31 Aug 2023 - {{hitsCtrl.values.hits}}
By the end of July, the licensed commercial banks were charging in the north of 20 percent for their loans, specially to the small businesses, notwithstanding the policy rate cuts amounting to 450 basis points by the Monetary Board of the Central Bank, in June and July.
The data showed that by end-July, the average weighted new lending rate offered by the licensed commercial banks was as high as 19.30 percent, which prompted the Central Bank to issue an order last week to force the banks to slash the lending rates.
The Central Bank last week held the policy rates at their current levels of 11.0 and 12.0 percent, as they saw room for the market lending rates to adjust downwards, without further rate cuts.
Small businesses
The lending rates have proved quite stubborn, as they had come down only a little over 2 percent, from 22.42 percent in July, last year.
However, official inflation has come down tenfold from its peak of around 70.0 percent in September, last year, despite the cost of living staying high.
At the same time, the risk premium attached to domestic debt restructuring has come off.
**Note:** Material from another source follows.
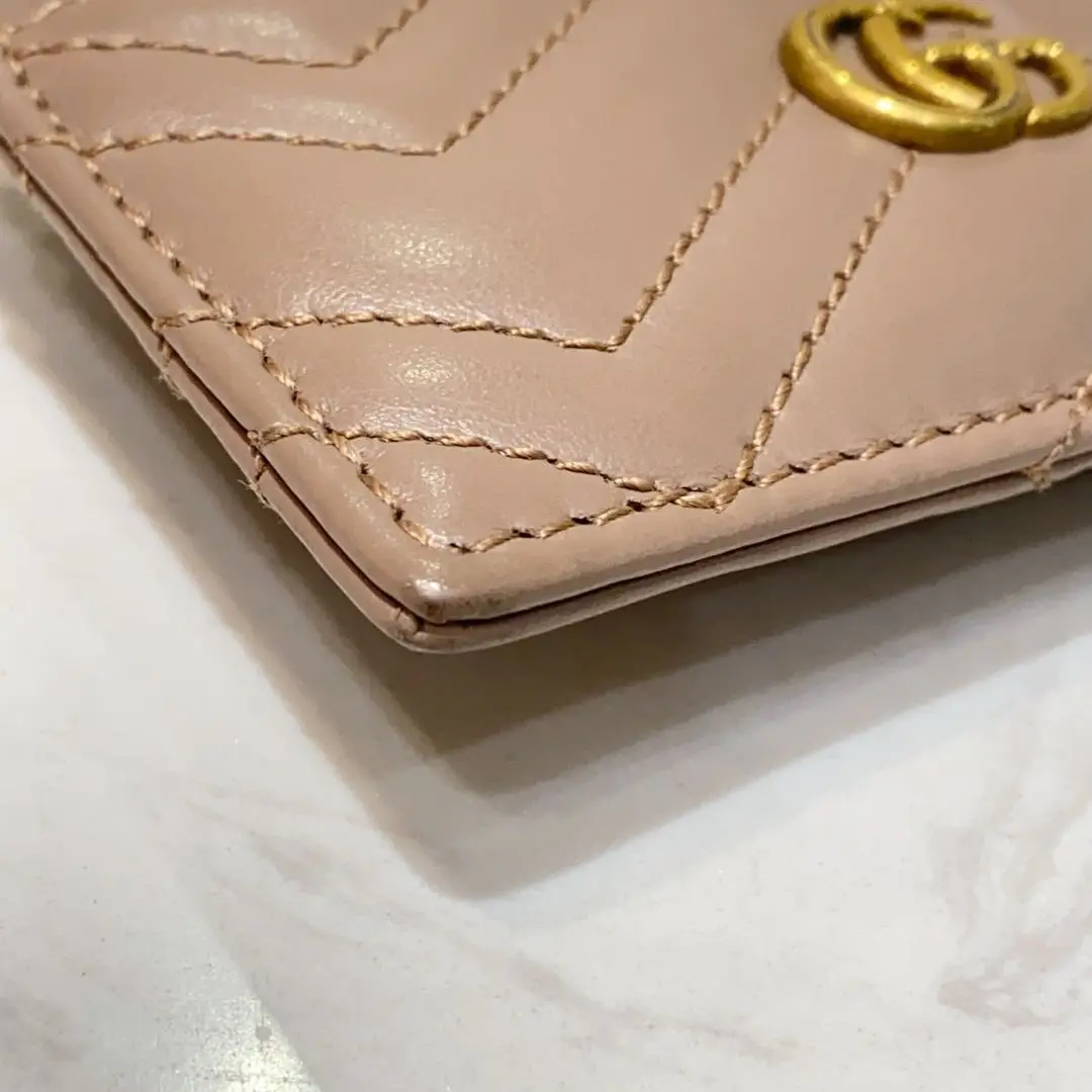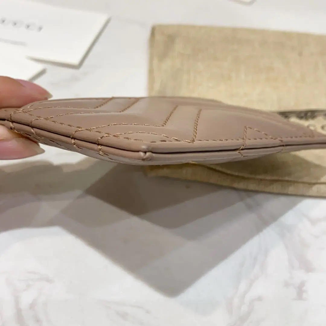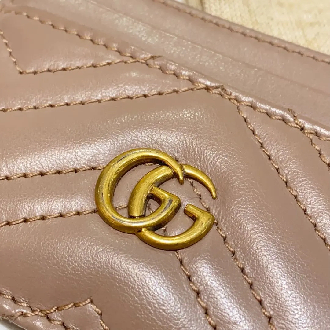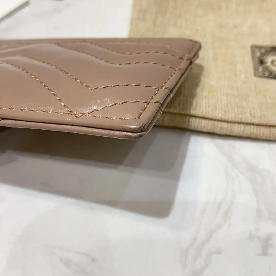 【商品详情】正品二手 GUCCI 马蒙 双G 奶茶色 牛皮 小卡包💸 95新 10x7 配件:说明书 防尘袋。金属正常使用感。可爱又温柔

It appears that the sky-high lending rates are the only thing that has not come down significantly.
After repeated requests to the banks to cut the lending rates to enable credit flows to the real economy, the Central Bank turned tough last week and imposed caps on pawning, pre-arranged temporary overdrafts and credit card rates.
It also ordered the banks to bring down their lending rates by 250 basis points by the end of October and by cumulative 350 basis points by the end of December from their end of July levels.
“The downward adjustment in market lending interest rates has been disproportionate to the reduction effected in market deposit interest rates,” the Central Bank said last week.
However, the prime lending rate, which measures the average rate of loans offered to the banks’ prime clients, had responded faster than the rest of the lending rates.
For instance, the prime rate fell by around 10.0 percent to 15.59 percent last week from a year ago.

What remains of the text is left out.